■ WHAT IS EXPECTED:
Nothing outside the range is wanted. Repeat exactly the lines below from the one with "Sıcaktan bunalan mandalar, toplu" through the one with "Shi'a Muslims pray".

■ DATA PROVIDED:
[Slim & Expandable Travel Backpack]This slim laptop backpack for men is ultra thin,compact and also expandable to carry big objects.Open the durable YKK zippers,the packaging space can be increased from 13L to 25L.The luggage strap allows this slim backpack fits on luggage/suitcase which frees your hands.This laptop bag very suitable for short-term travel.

---

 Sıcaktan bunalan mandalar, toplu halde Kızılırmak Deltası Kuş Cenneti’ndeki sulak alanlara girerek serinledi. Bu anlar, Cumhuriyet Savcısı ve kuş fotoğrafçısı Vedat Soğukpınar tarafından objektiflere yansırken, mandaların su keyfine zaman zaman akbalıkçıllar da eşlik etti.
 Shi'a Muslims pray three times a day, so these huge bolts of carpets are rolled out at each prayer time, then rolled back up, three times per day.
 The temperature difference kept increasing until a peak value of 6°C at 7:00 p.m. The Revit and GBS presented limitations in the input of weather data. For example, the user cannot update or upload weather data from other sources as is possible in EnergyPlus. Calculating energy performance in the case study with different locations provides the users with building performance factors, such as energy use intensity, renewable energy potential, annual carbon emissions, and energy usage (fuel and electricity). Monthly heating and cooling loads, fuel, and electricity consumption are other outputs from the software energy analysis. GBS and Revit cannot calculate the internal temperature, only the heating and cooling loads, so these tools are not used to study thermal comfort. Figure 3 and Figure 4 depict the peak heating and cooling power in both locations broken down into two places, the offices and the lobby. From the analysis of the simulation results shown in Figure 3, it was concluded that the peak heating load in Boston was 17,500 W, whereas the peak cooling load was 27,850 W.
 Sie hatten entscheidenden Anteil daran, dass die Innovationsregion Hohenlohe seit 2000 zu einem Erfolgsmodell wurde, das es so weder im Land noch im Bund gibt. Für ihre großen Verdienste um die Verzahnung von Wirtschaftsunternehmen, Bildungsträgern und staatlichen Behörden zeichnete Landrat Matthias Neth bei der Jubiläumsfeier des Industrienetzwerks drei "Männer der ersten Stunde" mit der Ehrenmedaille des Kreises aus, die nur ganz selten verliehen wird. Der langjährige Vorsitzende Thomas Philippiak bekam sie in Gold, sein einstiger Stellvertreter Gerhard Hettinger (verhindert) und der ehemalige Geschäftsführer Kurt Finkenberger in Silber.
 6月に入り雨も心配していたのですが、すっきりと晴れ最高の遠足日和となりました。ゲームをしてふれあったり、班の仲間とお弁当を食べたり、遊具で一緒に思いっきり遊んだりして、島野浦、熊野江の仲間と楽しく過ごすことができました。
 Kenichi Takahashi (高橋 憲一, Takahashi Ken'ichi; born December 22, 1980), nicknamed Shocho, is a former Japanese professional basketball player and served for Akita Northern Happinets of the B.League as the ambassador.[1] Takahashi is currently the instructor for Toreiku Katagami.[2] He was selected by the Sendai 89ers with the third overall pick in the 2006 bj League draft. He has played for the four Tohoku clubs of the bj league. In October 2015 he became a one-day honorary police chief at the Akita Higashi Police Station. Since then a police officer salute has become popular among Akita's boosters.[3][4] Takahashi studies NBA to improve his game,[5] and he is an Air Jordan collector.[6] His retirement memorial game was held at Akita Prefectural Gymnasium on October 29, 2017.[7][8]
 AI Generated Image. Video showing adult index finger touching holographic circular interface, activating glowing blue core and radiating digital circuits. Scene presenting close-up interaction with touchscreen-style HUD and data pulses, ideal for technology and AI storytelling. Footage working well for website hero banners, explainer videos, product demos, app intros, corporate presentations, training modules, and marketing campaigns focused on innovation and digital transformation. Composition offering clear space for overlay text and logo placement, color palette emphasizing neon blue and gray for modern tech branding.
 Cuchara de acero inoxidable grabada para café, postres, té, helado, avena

■ EXERCISE SOLUTION:
 Sıcaktan bunalan mandalar, toplu halde Kızılırmak Deltası Kuş Cenneti’ndeki sulak alanlara girerek serinledi. Bu anlar, Cumhuriyet Savcısı ve kuş fotoğrafçısı Vedat Soğukpınar tarafından objektiflere yansırken, mandaların su keyfine zaman zaman akbalıkçıllar da eşlik etti.
 Shi'a Muslims pray three times a day, so these huge bolts of carpets are rolled out at each prayer time, then rolled back up, three times per day.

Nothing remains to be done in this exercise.